Where does our society’s disconnect with women lie?
I have a friend — she is white. A pretty girl, young, and by lieu of being my friend on Facebook, it brings her into the friend suggestions of a large assortment of brown skinned men from all over South Asia.
Every couple of weeks, she sends me a screenshot of some bozo propositioning her for sex, asking her to marry him, or professing their undying love for her feminine visage, and this leads to much laughter between us.
It also leads me to ponder why this is the case.
Let me hit you with an interesting fact — the number of men who have propositioned Google Assistant from India is 450,000. The number of men (most definitely men) who have propositioned Amazon’s Alexa is 250,000.
In our neck of the woods, the female robot Sophia was propositioned as well. Ask any girl (or young guy with a fake female profile on Facebook) and they will gleefully recount their sordid tales of horror and incredulity about the number of weird requests that they receive on an almost daily basis.
The question that I am trying to unravel then is why — what is it about our collective social order that permits us to believe that randomly propositioning women, sometimes to the point that the women are in fear for their lives, that resorting to physical violence and intense psychological manipulation is okay?

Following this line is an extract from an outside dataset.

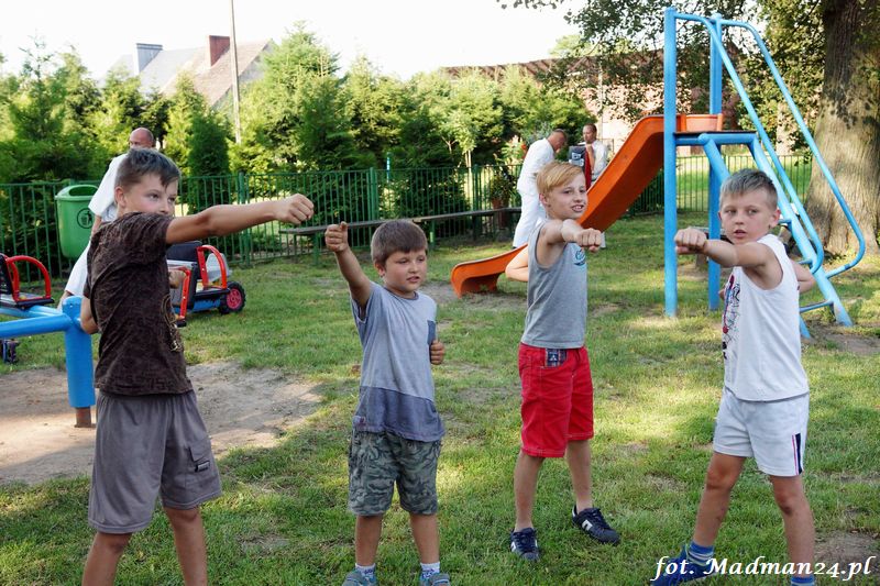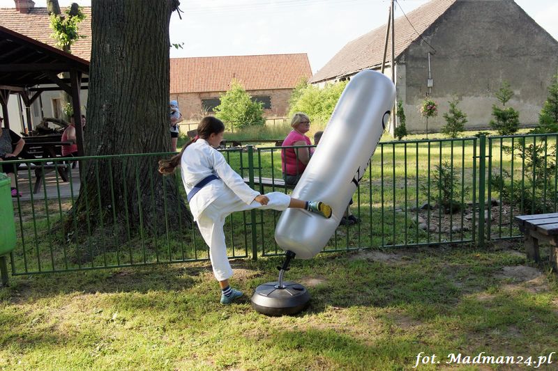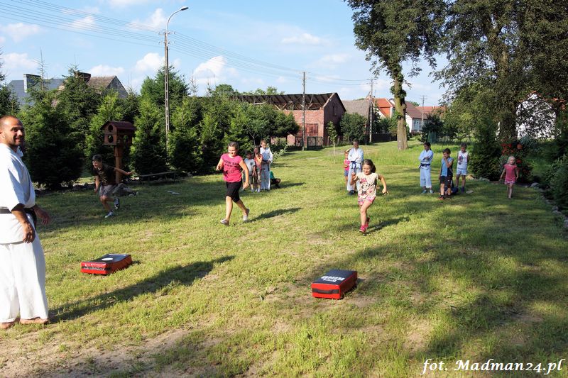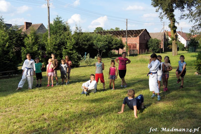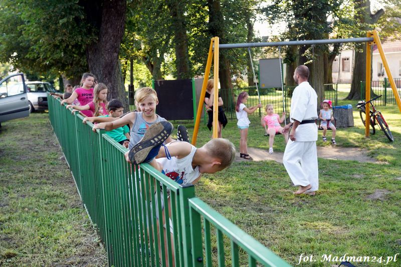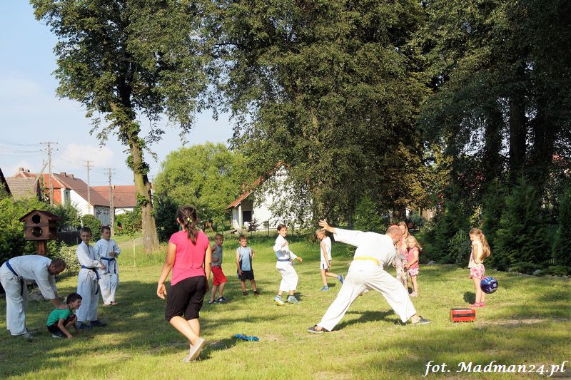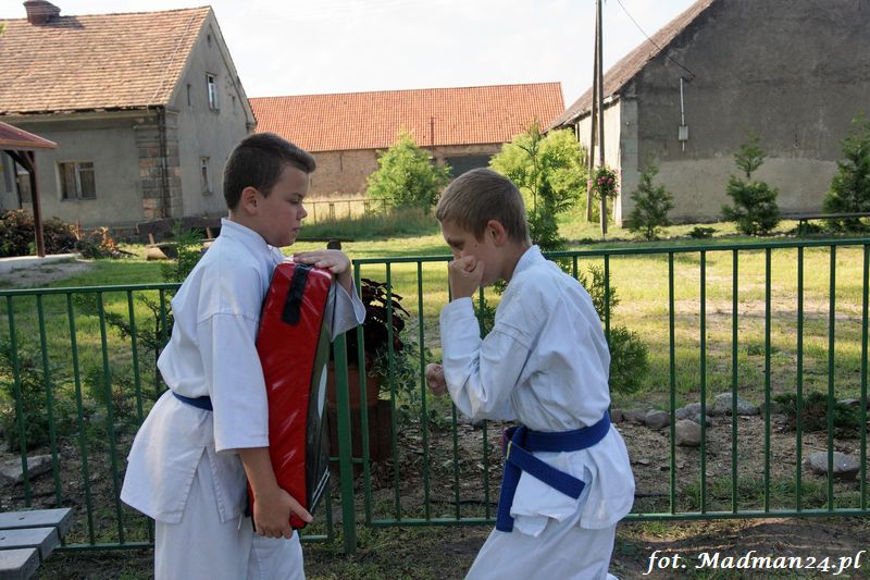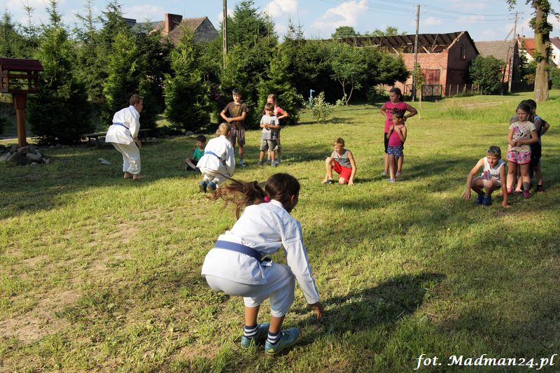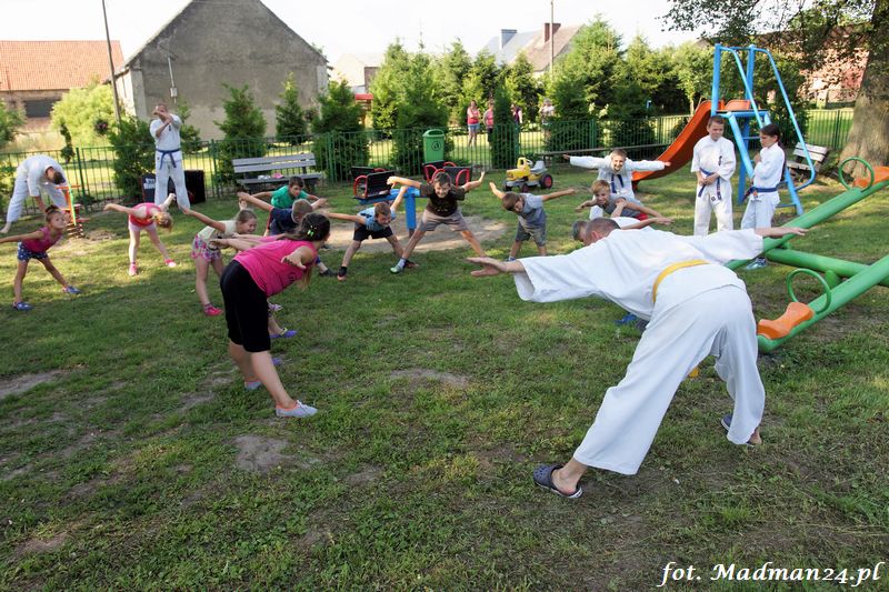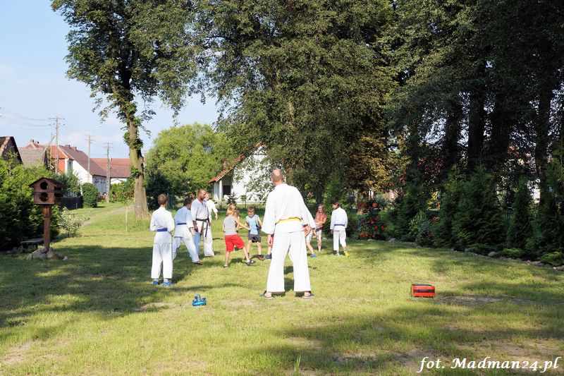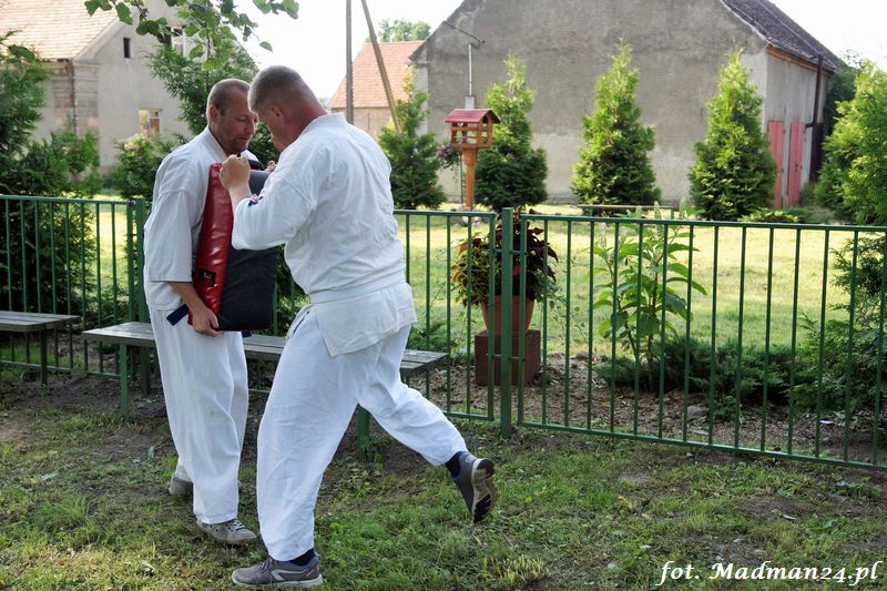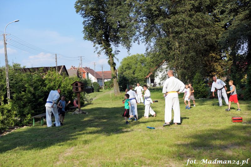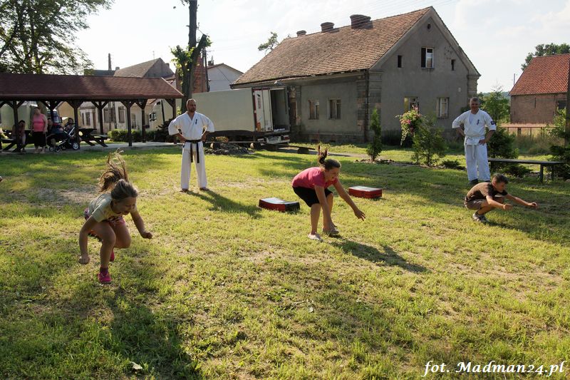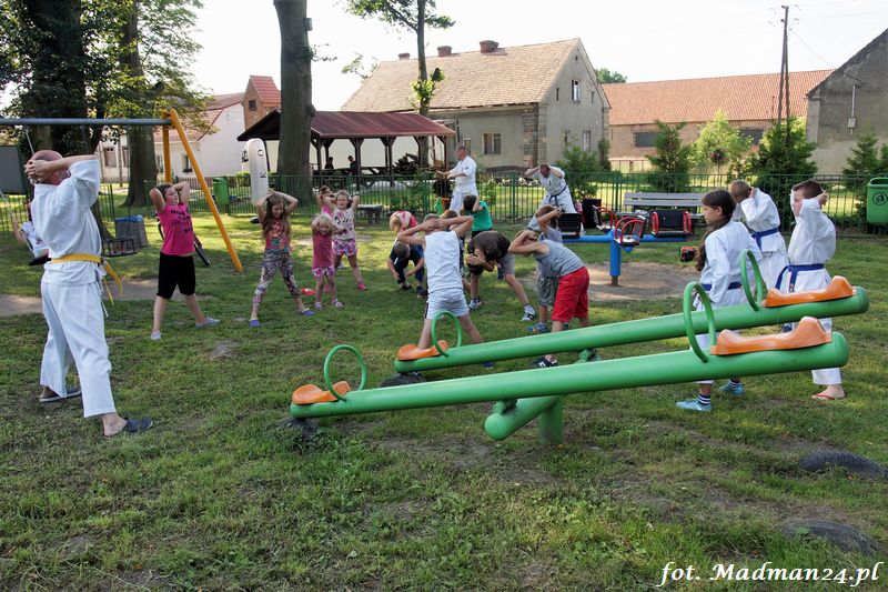 Dzisiejszy zajęcia karate odbyły się na placu zabaw w Żubrowie. Frekwencja, jak zawsze w tej wiosce dopisała. Było miło i wesoło. Na zakończenie treningu odbył się mecz piłki nożnej z serią rzutów karnych.

We live in a country where rape is a daily occurrence, where female abuse happens all around us, in our homes, on our streets, and behind walls which we think can cover up the muffled cries of pain and suffering.
The fundamental reason that this happens is that, in our societies, men, young boys, future leaders are treated in two diametrically opposite and equally damaging ways throughout their development.
A boy grows up with the intense belief that girls are something which are quite different from them, not to be trusted, not to be associated with — we see this most profoundly in the behaviour of students in all-boys schools — they grow up not knowing how to associate with girls and this leads to problems later on in life.
Early in life, a young boy grows up with the unspoken belief that to be feminine is evil — we are taught by our elders and our peers to find the feminine within us and to crush it. Boys are taught that to be sensitive is a sign of weakness, that to be creative, to stand in a certain way, to be disinterested in sports is a sign of weakness and it must be crushed.
Things change as the child enters puberty and starts to notice girls sexually — due to the serious lack of sexual education, not to mention the fact that sex is the most taboo subject in our country, you end up with children who get their sexual education from shady merchants who sell porn DVDs at New Market.
There is very little negative punishment on a societal level, regarding abusing women
The adolescent learns what sex is through the lens of pornography and women are nothing if not objects there.
Let me posit you a simple statement: The reason South Asian men feel they are entitled to women is because we grow up believing that, once we reach a certain age, do well in our studies, get a Bachelor’s and then a Master’s and maybe an MBA on top of that, our mom and dad will find some pretty girl and marry us off to them.
Women are nothing more than a prize that is won at the end of a long life on the straight and narrow and everything will be sexual bliss after that.
It also brings us to realize that, as a society, we have a serious case of the Madonna-whore complex. Simply put, the MW complex means that, a vast collection of men will believe that women fall into two archetypes: The saintly pure mother archetype or the wanton archetype.
That is why you will see, when a lover gets his advances rejected, he will start verbally abusing the object of his affections enough to make her cry. It is because the pure archetype that he envisioned has transformed in his eyes, from mother to whore.
This is also why, whenever we hear awful news of sexual violence, we look to the woman’s behaviour as an indicator of whether she was living righteously — was she adhering to the first archetype, saintly, pure, following God’s will, or was she doing abhorrent things — wearing jeans, makeup, going out past 9pm?
The final point that I would like to make is that, in our society, there is very little negative punishment on a societal level, regarding abusing women. Let’s say your best friend comes up to you tomorrow and tells you he beat his wife because she was getting uppity. Let’s say you saw a man on the street catcalling passersby — what would you do? 99% of you would do nothing, and hence this behaviour perpetuates further and further.
If we are to take Bangladesh forward in any meaningful way, to try and transform it into a country worth being proud about, we must take our blinders off and stare into the mirror at the monster that we all are and try to make amends.
Zubier Abdullah is an engineer and a short story writer.